◆ Your objective
Using only the entries below, copy exactly the lines that begin at the one with "近日,12月2日,在2017" and end at the one with "1.天赋:国色能对女性英雄生效、对战男性英雄,国色无视效果+30%", both included. Drop the pictures.

◆ Input data

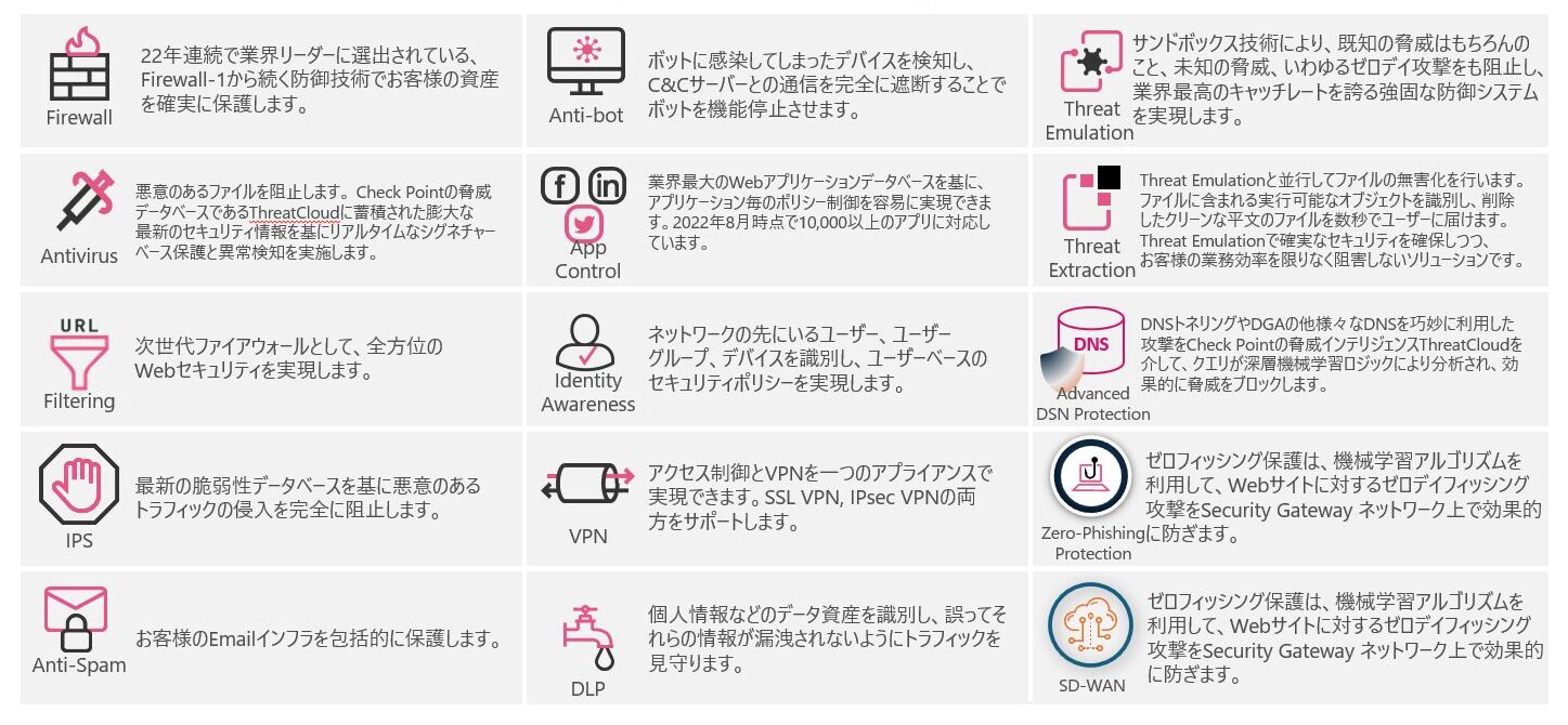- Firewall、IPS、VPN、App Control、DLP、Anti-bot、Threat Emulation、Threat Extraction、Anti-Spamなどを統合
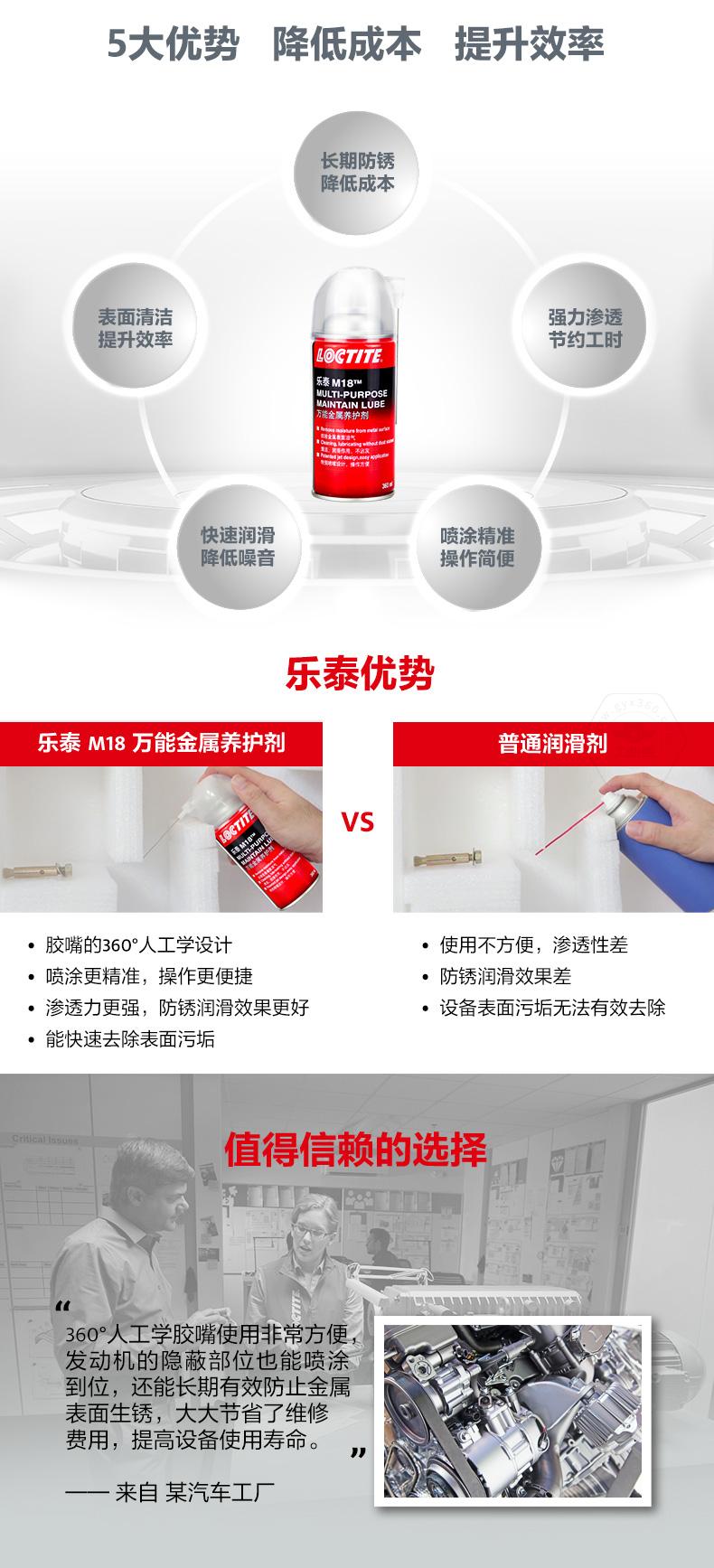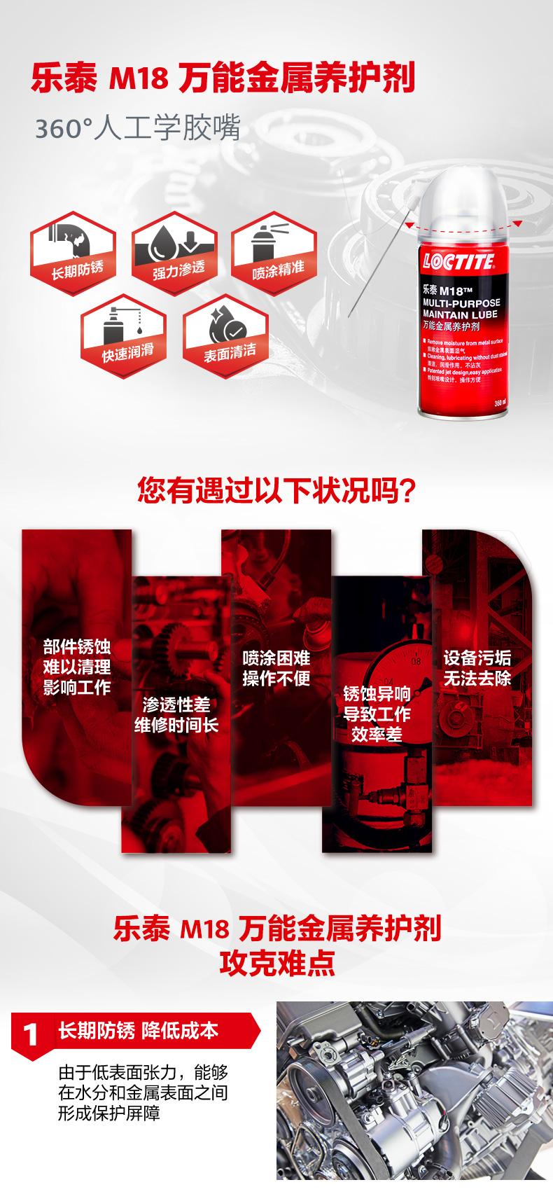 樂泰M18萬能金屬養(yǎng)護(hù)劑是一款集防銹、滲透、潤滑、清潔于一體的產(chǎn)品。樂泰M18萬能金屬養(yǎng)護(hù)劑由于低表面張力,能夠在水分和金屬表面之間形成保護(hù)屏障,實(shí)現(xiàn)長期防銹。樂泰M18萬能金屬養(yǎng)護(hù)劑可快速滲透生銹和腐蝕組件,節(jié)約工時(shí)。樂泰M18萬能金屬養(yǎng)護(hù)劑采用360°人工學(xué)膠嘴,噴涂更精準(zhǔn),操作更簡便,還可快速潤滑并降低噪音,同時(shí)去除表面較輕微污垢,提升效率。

* * *

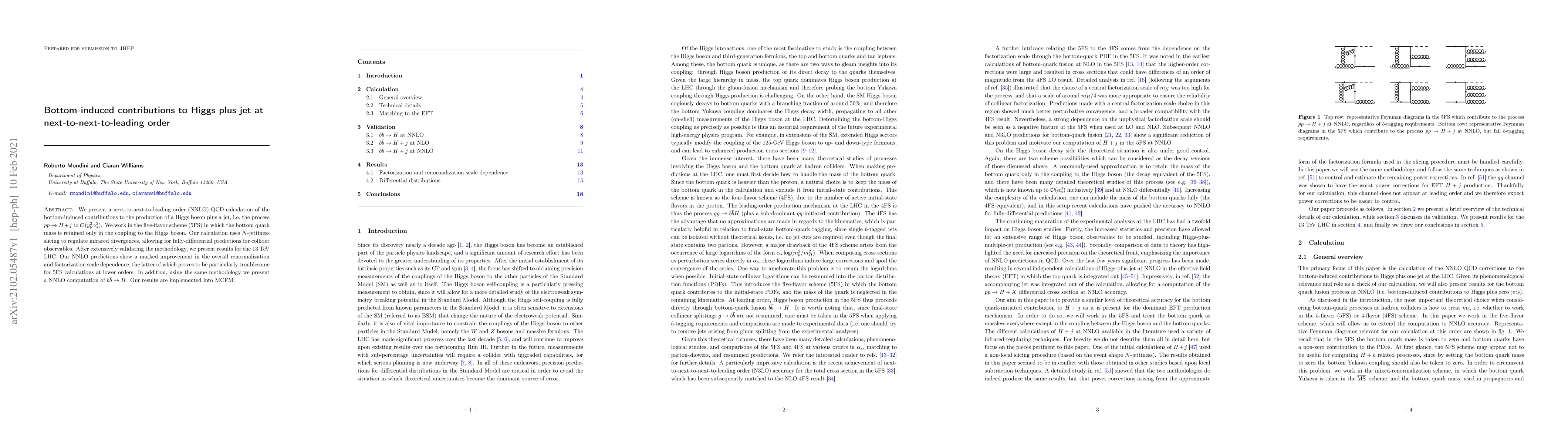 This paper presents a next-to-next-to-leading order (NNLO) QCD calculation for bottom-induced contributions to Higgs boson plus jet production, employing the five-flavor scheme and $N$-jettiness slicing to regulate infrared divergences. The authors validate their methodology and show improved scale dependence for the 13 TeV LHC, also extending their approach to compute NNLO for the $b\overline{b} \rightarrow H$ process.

* * *

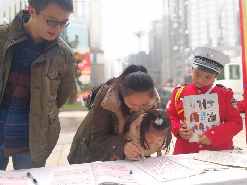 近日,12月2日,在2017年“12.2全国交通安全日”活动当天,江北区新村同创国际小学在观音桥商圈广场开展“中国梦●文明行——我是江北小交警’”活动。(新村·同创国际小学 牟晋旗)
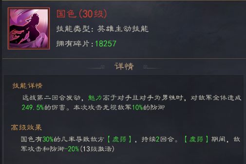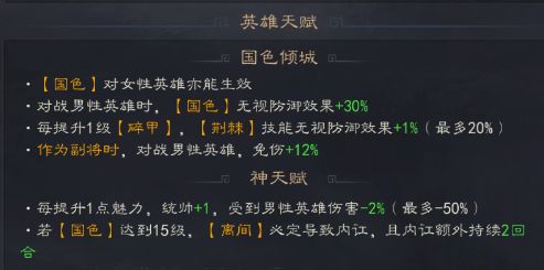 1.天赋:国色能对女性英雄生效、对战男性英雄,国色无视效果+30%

◆ Task output
 近日,12月2日,在2017年“12.2全国交通安全日”活动当天,江北区新村同创国际小学在观音桥商圈广场开展“中国梦●文明行——我是江北小交警’”活动。(新村·同创国际小学 牟晋旗)
 1.天赋:国色能对女性英雄生效、对战男性英雄,国色无视效果+30%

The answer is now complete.